Action item >>
Would you reproduce exactly the lines below from the one holding "Framed Black Square" through the one holding "Sometimes I arrange", inclusive, and no others?

[[ Provided records open ]]

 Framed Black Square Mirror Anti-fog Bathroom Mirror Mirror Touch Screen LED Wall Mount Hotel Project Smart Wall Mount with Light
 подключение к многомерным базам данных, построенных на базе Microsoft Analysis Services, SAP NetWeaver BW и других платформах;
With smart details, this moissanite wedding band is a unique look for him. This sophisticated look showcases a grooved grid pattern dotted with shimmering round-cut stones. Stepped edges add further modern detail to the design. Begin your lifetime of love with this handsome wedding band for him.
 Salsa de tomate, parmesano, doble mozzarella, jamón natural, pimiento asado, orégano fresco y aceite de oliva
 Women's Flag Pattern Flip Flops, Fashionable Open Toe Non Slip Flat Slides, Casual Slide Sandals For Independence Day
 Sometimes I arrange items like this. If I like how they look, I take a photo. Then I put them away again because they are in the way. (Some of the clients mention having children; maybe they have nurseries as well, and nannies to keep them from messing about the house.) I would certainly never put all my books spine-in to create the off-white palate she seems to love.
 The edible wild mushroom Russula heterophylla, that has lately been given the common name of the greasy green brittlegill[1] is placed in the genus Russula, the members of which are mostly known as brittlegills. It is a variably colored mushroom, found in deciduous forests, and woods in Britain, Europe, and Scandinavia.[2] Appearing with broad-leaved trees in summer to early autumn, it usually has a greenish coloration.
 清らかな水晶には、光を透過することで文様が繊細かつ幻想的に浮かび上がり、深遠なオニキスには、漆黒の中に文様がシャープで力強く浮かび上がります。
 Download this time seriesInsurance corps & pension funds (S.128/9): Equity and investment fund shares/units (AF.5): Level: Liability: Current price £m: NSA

[[ Provided records closed ]]
[[ Provided records open ]]

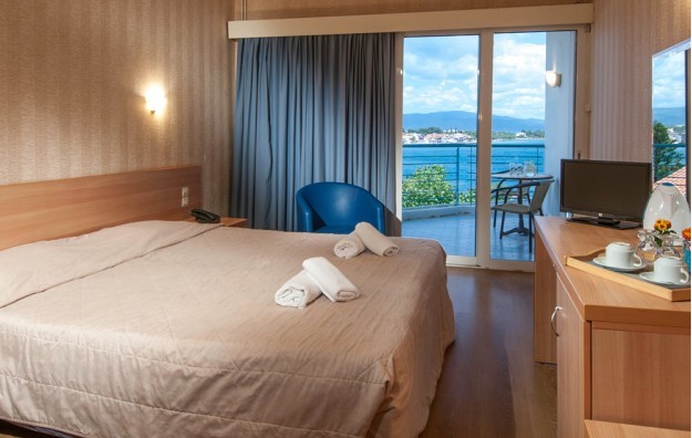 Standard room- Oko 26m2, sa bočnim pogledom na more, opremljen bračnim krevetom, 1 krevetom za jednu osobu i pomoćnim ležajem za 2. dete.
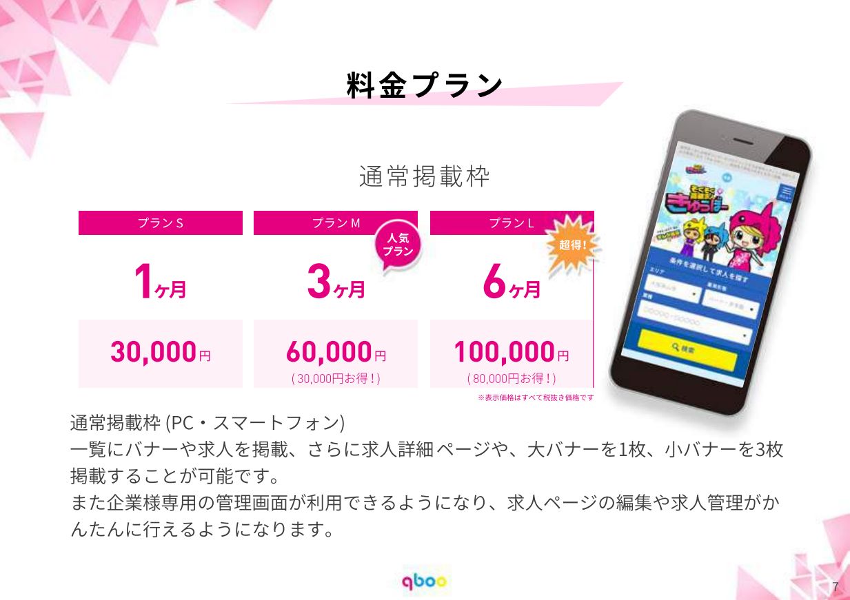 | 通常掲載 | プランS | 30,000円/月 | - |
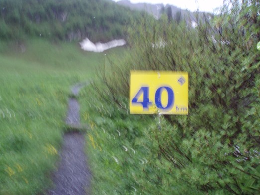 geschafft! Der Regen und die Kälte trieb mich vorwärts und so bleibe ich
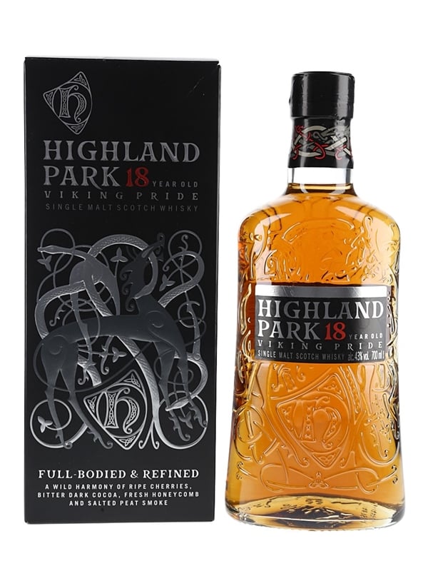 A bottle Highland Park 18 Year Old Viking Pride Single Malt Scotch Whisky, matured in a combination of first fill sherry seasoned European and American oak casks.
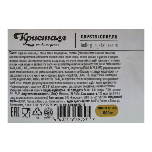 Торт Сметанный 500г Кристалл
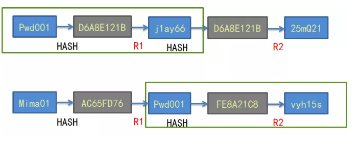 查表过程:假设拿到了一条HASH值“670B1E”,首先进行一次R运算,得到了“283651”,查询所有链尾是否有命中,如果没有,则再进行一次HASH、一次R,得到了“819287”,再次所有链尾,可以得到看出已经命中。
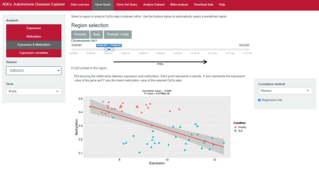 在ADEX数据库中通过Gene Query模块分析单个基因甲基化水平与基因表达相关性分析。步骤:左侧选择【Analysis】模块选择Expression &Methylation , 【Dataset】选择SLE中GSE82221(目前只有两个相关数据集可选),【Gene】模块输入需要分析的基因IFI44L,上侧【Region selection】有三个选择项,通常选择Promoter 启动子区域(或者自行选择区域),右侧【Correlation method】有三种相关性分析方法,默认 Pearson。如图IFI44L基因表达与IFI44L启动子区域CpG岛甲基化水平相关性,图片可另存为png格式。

[[ Provided records closed ]]
[[ Provided records open ]]

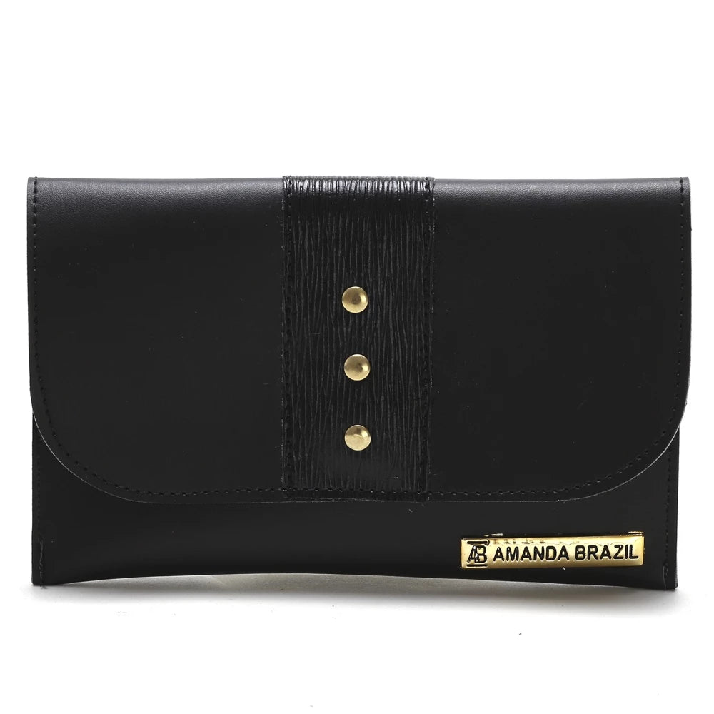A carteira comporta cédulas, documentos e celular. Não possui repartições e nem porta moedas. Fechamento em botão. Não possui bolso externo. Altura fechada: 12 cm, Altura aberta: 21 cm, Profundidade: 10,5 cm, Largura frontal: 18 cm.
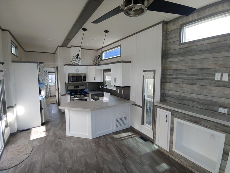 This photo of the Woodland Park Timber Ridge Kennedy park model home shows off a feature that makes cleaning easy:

[[ Provided records closed ]]

Result of this task >>
 Framed Black Square Mirror Anti-fog Bathroom Mirror Mirror Touch Screen LED Wall Mount Hotel Project Smart Wall Mount with Light
 подключение к многомерным базам данных, построенных на базе Microsoft Analysis Services, SAP NetWeaver BW и других платформах;
With smart details, this moissanite wedding band is a unique look for him. This sophisticated look showcases a grooved grid pattern dotted with shimmering round-cut stones. Stepped edges add further modern detail to the design. Begin your lifetime of love with this handsome wedding band for him.
 Salsa de tomate, parmesano, doble mozzarella, jamón natural, pimiento asado, orégano fresco y aceite de oliva
 Women's Flag Pattern Flip Flops, Fashionable Open Toe Non Slip Flat Slides, Casual Slide Sandals For Independence Day
 Sometimes I arrange items like this. If I like how they look, I take a photo. Then I put them away again because they are in the way. (Some of the clients mention having children; maybe they have nurseries as well, and nannies to keep them from messing about the house.) I would certainly never put all my books spine-in to create the off-white palate she seems to love.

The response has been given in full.